Hallo Tipp für den Zander Tiroler Hölzl an die Hauptschnur dann 20cm vorfach und den Köderfisch auftreiben lassen! so hast keine probleme mit dem Schlamm!!


----------



## gismowolf (18. Juni 2006)

*AW: Neusidlersee*

Servus evomxx!
Wo,in der Nähe welchen Ortes willst Du in Deinem Hausgewässer,dem Neusiedlersee fischen?West-,Nord-oder Ostufer?Es gibt auch Stellen im See,wo es Schotter und fast keinen Schlamm gibt!Wie alt bist Du?


----------



## evomxx (19. Juni 2006)

*AW: Neusidlersee*

@gismowolf
ob ost oder westufer is eigentlich egal, wollte mich nur erkundigen ob es irgendwo die möglichkeit gibt vom ufer aus zu angeln ohne den störenden badebetrieb im nacken.

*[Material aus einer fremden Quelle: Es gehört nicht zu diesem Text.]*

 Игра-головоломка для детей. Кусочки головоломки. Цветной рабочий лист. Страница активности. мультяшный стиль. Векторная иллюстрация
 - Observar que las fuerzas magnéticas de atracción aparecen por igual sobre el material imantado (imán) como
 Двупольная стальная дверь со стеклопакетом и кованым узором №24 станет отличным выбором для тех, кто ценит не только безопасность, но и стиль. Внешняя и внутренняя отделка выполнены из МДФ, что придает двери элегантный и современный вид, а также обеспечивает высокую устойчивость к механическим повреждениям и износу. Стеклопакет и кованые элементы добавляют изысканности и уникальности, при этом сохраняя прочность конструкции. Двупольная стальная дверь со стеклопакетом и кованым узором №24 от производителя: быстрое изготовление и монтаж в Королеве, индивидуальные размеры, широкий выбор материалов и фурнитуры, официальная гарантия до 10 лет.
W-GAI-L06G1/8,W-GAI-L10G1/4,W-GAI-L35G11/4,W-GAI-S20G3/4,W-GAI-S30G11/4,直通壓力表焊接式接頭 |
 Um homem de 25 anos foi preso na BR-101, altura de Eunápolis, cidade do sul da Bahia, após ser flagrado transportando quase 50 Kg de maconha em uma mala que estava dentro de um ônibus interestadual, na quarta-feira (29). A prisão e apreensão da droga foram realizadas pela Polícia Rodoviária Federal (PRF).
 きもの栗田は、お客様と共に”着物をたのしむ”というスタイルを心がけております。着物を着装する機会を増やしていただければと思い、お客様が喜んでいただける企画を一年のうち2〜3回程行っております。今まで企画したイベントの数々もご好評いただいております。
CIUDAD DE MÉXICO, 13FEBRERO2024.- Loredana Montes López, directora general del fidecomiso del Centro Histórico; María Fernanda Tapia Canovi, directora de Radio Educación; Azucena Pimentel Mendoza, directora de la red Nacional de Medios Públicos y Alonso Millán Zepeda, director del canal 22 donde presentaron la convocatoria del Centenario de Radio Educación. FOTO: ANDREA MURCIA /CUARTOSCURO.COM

tirolerhölzl werd ich mal probieren - tks


----------



## gismowolf (19. Juni 2006)

*AW: Neusidlersee*

@evomxx
Ohne Boot wirst Du keine Chance haben,auf Zander fischen zu können!Überall dort,wo ein Schilfgürtel vorhanden ist(ca.96% des Seeufers sind verwachsen),wurden Dämme durch den Schilfgürtel und die Badeplätze am äußeren Rand des Schilfgürtels mit Schuttmaterial künstlich angelegt!!Dort,wo kein oder nur ein schmaler Schilfgürtel vorhanden ist(im Bereich Poderstorf)ist
Schottergrund und der Nachteil,daß der See dort extrem seicht ist.Um eine Wassertiefe von ca.60cm zu erreichen,muß man dort gut 200-300m hinauswaten!!Wenn es dort tiefer ist,wurde ausgebaggert und dann ist wieder alles mit Badegästen (bei Schönwetter im Sommer)voll.Der Zander geht nicht ins Schilf!!Die Schwärme ziehen im offenen Wasser und entlang des Schilfgürtels!Die besten Fangplätze sind am Schilfrand dort,wo der Wind das Wasser hintreibt!!Dorthin wird Futter geschwemmt,Jungfische sammeln sich an und dort raubt der Zander!!Es gibt im Schilfgürtel größere Flächen ohne Schilfbewuchs!Aber um dorthin zu gelangen,benötigst Du ein Boot und ohne
Führer und Ortskenntnis würde ich Dir nicht raten,solche Stellen zu suchen!!
Du würdest Dich alleine in den Kanälen im Schilf verirren!!Außerdem geht wie gesagt der Zander nicht ins Schilf,obwohl sonst so ziemlich alle anderen Fischarten dort vorkommen!Gute Zanderplätze sind auch die vielen kleinen und größeren Schotterbänke mitten im See!!Von einer Seite steigen sie knapp bis zur Wasseroberfläche flach an und auf der anderen Seite fallen sie steil bis zur größten Wassertiefe von ca.185cm ab!Die Kleinfische tummeln sich im Flachwasser und die Zander lauern an der Kante zum Tiefen.Nur um diese Schotterbänke zu finden,muß man den See schon gut kennen!
Wenn Du mit totem Köderfisch auf Zander angeln willst,solltest Du dem Köfi mit einem Stück Styropor
Auftrieb verleihen!!Wenn Du den Köfi passiv auf Grund legst,wirst Du bei 9 von 10 Bissen einen Aal an der Leine haben!! Ich würde mit totem Köfi zupfen oder mit einem Gufi den Schilfrand absuchen!!


----------



## evomxx (28. Juni 2006)

*AW: Neusidlersee*

danke danke, sind echt wertvolle tips dabei!!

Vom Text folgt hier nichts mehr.